Critical fluctuations change the effective anisotropy of cubic ferromagnet near the Curie point. If the crystal undergoes phase transition into orthorhombic phase and the initial anisotropy is not too strong, reduced anisotropy of nonlinear susceptibility acquires at $T_c$ the universal value ${\delta }_4^{*}=\frac{2v^{*}}{3(u^{*}+v^{*})}$ where $u^{*}$ and $v^{*}$ are coordinates of the cubic fixed point on the flow diagram of renormalization group equations. In the paper, the critical value of the reduced anisotropy is estimated within the pseudo-$\epsilon$ expansion approach. The six-loop pseudo-$\epsilon$ expansions for $u^{*}$, $v^{*}$, and ${\delta }_4^{*}$ are derived for the arbitrary spin dimensionality $n$. For cubic crystals ($n=3$) higher-order coefficients of the pseudo-$\epsilon$ expansions obtained turn out to be so small that use of simple Padé approximants yields reliable numerical results. Padé resummation of the pseudo-$\epsilon$ series for $u^{*}$, $v^{*}$, and ${\delta }_4^{*}$ leads to the estimate ${\delta }_4^{*}=0.079\pm 0.006$, indicating that detection of the anisotropic critical behavior of cubic ferromagnets in physical and computer experiments is certainly possible.

Figure 1

The cubic fixed point coordinate $v^{*}$ as a function of $n$ obtained by means of Padé resummation of $\tau$-series (11).

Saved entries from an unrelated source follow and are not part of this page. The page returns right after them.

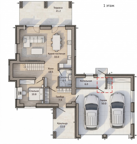 Гараж спроектирован таким образом, чтобы в него вместились два автомобиля и котельная с отдельным входом.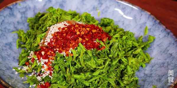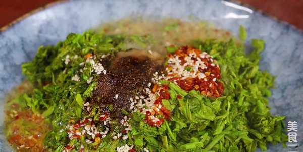3、在香椿丁上面放食盐、花椒粉、白芝麻、辣椒粉,用大料熬的调味油泼上去,激发出所有调味料的香味,搅匀之后即可食用。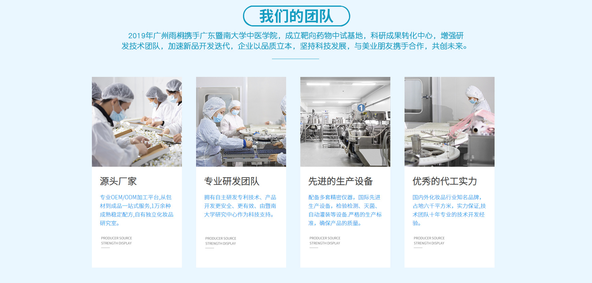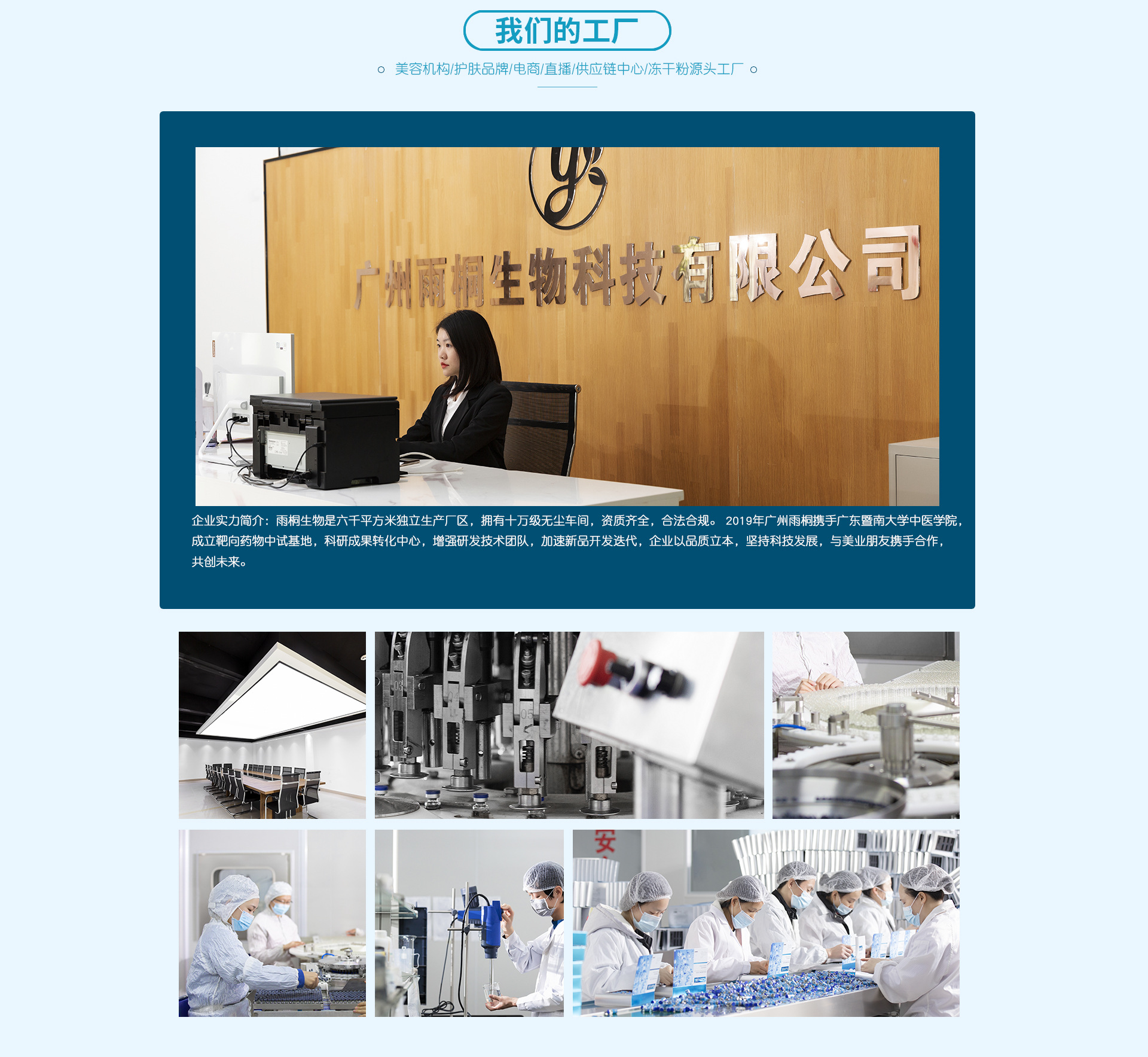 廣州雨桐生物科技有限公司是一家集科技研發(fā)、生產(chǎn)加工、產(chǎn)品定制、品牌服務(wù)的化妝品源頭廠家。主要生產(chǎn)修復(fù)凍干粉、功效型凍干粉、面膜、精華原液,水乳膏霜等產(chǎn)品。長期供應(yīng)產(chǎn)品,服務(wù)于大型護(hù)膚品廠家OEM、凍干粉品牌方ODM、頭部主播帶貨訂單、網(wǎng)購化妝品加工等。雨桐生物是六千平方米獨(dú)立生產(chǎn)廠區(qū),擁有十萬級無塵車間,資質(zhì)齊全,合法合規(guī)。 2019年廣州雨桐攜手廣東暨南大學(xué)中醫(yī)學(xué)院,成立靶向藥物中試基地,科研成果轉(zhuǎn)化中心,增強(qiáng)研發(fā)技術(shù)團(tuán)隊(duì),加速新品開發(fā)迭代,企業(yè)以品質(zhì)立本,堅(jiān)持科技發(fā)展,與美業(yè)朋友攜手合作,共創(chuàng)未來。

Three curves given by the diagonal [2/2] and near-diagonal approximants [3/2], [2/3] for $v^{*}/\tau$, i.e., with insignificant factor $\tau$ omitted, are shown. The values of marginal spin dimensionality $n_c$ found by the analysis of six-loop 3D RG series [13] (2.89) and extracted from the $\epsilon$ expansion [13, 17] (2.87, 2.855) and from the pseudo-$\epsilon$ expansion [19] (2.862) for $n_c$ are marked with diamonds. The diamond on the right vertical axis shows the value of $v^{*}$ the six-loop 3D RG analysis yields. The dashed line is the curve $v^{*}\left(n\right)$ given by the powers series in $(n-n_c)$, which arrives at 0.163 when the spin dimensionality approaches the physical value $n=3$.